== PROMPT ==
Once the line containing "This is a scan" is found in the entries below, restate it and each following line word for word, stopping after the line containing "Pritisnite <Prijava> i".

== GIVEN RECORDS ==
○ ○ ○ ○ ○ ○ ○

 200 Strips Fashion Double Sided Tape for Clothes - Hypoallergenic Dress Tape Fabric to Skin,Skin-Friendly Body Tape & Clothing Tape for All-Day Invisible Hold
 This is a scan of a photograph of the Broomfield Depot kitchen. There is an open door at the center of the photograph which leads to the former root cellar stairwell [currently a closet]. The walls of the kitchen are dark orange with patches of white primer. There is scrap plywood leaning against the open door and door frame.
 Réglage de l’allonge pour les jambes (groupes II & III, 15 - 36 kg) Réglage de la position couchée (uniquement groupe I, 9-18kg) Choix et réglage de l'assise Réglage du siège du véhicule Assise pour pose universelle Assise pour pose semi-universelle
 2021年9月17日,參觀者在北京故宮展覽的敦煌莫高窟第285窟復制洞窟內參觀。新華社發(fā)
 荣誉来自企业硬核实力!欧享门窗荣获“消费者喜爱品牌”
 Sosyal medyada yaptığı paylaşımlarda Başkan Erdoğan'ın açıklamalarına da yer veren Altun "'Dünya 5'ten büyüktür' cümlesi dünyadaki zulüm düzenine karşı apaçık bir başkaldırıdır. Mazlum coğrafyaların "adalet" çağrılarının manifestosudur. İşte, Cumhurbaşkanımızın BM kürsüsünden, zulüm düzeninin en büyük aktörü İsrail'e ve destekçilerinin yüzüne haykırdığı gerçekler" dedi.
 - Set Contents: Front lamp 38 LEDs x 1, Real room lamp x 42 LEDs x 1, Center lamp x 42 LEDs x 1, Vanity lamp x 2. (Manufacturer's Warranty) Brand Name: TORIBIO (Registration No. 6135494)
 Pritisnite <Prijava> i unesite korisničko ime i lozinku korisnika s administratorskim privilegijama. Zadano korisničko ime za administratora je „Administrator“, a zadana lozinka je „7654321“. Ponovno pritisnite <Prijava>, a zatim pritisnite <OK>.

○ ○ ○ ○ ○ ○ ○

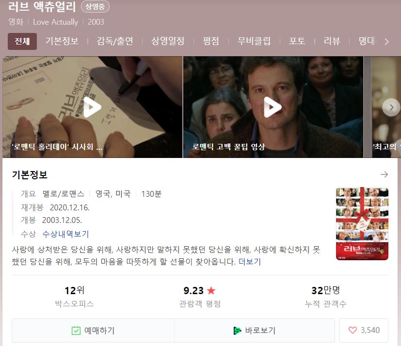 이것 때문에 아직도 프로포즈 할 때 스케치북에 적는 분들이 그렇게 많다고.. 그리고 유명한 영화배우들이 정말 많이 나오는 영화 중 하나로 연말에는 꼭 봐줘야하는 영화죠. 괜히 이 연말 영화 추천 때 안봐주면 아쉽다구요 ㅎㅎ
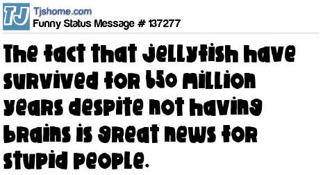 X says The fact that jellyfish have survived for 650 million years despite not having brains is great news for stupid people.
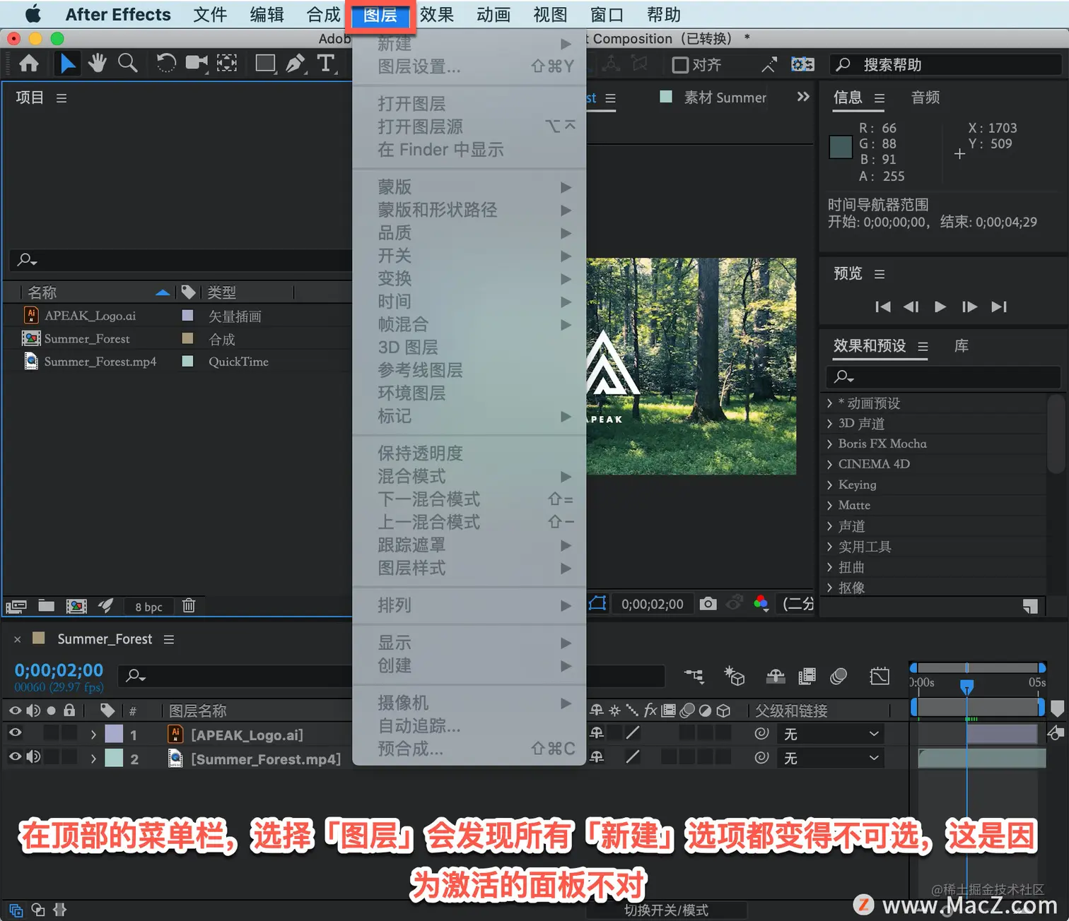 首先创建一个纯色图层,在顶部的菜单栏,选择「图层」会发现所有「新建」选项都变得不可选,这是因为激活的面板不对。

○ ○ ○ ○ ○ ○ ○

== RESULT OF THE TASK ==
 This is a scan of a photograph of the Broomfield Depot kitchen. There is an open door at the center of the photograph which leads to the former root cellar stairwell [currently a closet]. The walls of the kitchen are dark orange with patches of white primer. There is scrap plywood leaning against the open door and door frame.
 Réglage de l’allonge pour les jambes (groupes II & III, 15 - 36 kg) Réglage de la position couchée (uniquement groupe I, 9-18kg) Choix et réglage de l'assise Réglage du siège du véhicule Assise pour pose universelle Assise pour pose semi-universelle
 2021年9月17日,參觀者在北京故宮展覽的敦煌莫高窟第285窟復制洞窟內參觀。新華社發(fā)
 荣誉来自企业硬核实力!欧享门窗荣获“消费者喜爱品牌”
 Sosyal medyada yaptığı paylaşımlarda Başkan Erdoğan'ın açıklamalarına da yer veren Altun "'Dünya 5'ten büyüktür' cümlesi dünyadaki zulüm düzenine karşı apaçık bir başkaldırıdır. Mazlum coğrafyaların "adalet" çağrılarının manifestosudur. İşte, Cumhurbaşkanımızın BM kürsüsünden, zulüm düzeninin en büyük aktörü İsrail'e ve destekçilerinin yüzüne haykırdığı gerçekler" dedi.
 - Set Contents: Front lamp 38 LEDs x 1, Real room lamp x 42 LEDs x 1, Center lamp x 42 LEDs x 1, Vanity lamp x 2. (Manufacturer's Warranty) Brand Name: TORIBIO (Registration No. 6135494)
 Pritisnite <Prijava> i unesite korisničko ime i lozinku korisnika s administratorskim privilegijama. Zadano korisničko ime za administratora je „Administrator“, a zadana lozinka je „7654321“. Ponovno pritisnite <Prijava>, a zatim pritisnite <OK>.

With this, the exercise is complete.